A new, 141-page report by the House Committee on Oversight and Government Reform makes a detailed case that she deliberately sought to obstruct the investigation. Two years ago, before she took the Fifth Amendment guarantee against self-incrimination, Ms. Lerner was positively chatty in informal briefings with the committee staff.
She said emphatically that the IRS had not changed the criteria used to evaluate which organizations qualify for tax-exempt status. Tea Party groups had complained that their applications were being held in limbo while left-wing groups’ applications sailed through easily.
The committee says that was Lie No. 1, citing the Treasury Department inspector general’s documentation that Ms. Lerner ordered a change in criteria in June 2011.
When Tea Party groups angrily complained about IRS requests for information about their members, Ms. Lerner told investigators that it was “ordinary” for the IRS to ask such groups to provide a full list of the names of donors and how much they gave.
She put the assertion in writing in a letter to the committee. These were identified as Lie No. 2 and Lie No. 3. The IRS commissioner’s chief of staff said this had never been done in the history of the agency.
Ms. Lerner likely expected that “this, too, shall pass.” Democrats repeatedly said that “there’s no scandal here.” Only a handful of reporters bothered to pursue the story.
Rep. Darrell E. Issa, the chairman of the committee, did, and he thinks that Ms. Lerner came up with the idea of passing the blame to low-level “line people” at the IRS branch in Cincinnati.
Ms. Lerner apparently was alarmed when the Supreme Court upheld First Amendment rights in the Citizens United case in 2010, which overturned the Federal Election Commission’s restrictive prohibitions of political speech.
Ms. Lerner, in an email message, told her colleagues that it was up to the executive branch to “undermine” the Citizens United decision.
The crucial question remains.
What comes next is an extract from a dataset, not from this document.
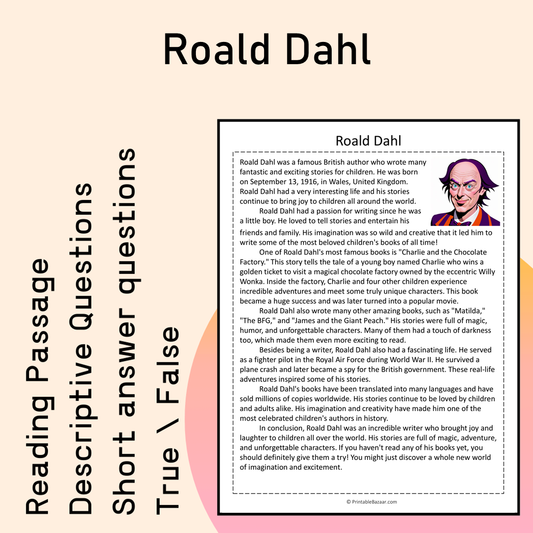 Roald Dahl | Reading Comprehension Passage Printable Activity

Was Ms. Lerner acting alone or at the direction of the White House? Her refusal to answer questions leaves Congress with the responsibility to pursue and punish what is clearly contempt of Congress.
Sitting across the table from an IRS auditor, answering some questions and declining to answer others, is not the way to behave in an audit of tax returns.
We do not recommend it. The IRS presumes it has a right to answers. Contempt proceedings would provide Ms. Lerner far more due-process protections than her agency allows ordinary citizens, but even these rights have limits.
Ms. Lerner, like the rest of us, is entitled to her Fifth Amendment privilege, but she is not entitled to answer some questions under oath and give no answer to follow-up questions. There is no right to use the Fifth Amendment as a cafeteria, to pick and choose which questions to answer.
The public has a right to know who, if anyone, directed Ms. Lerner to interfere with the political process. Compelling her testimony looks now like the only way to find out the truth.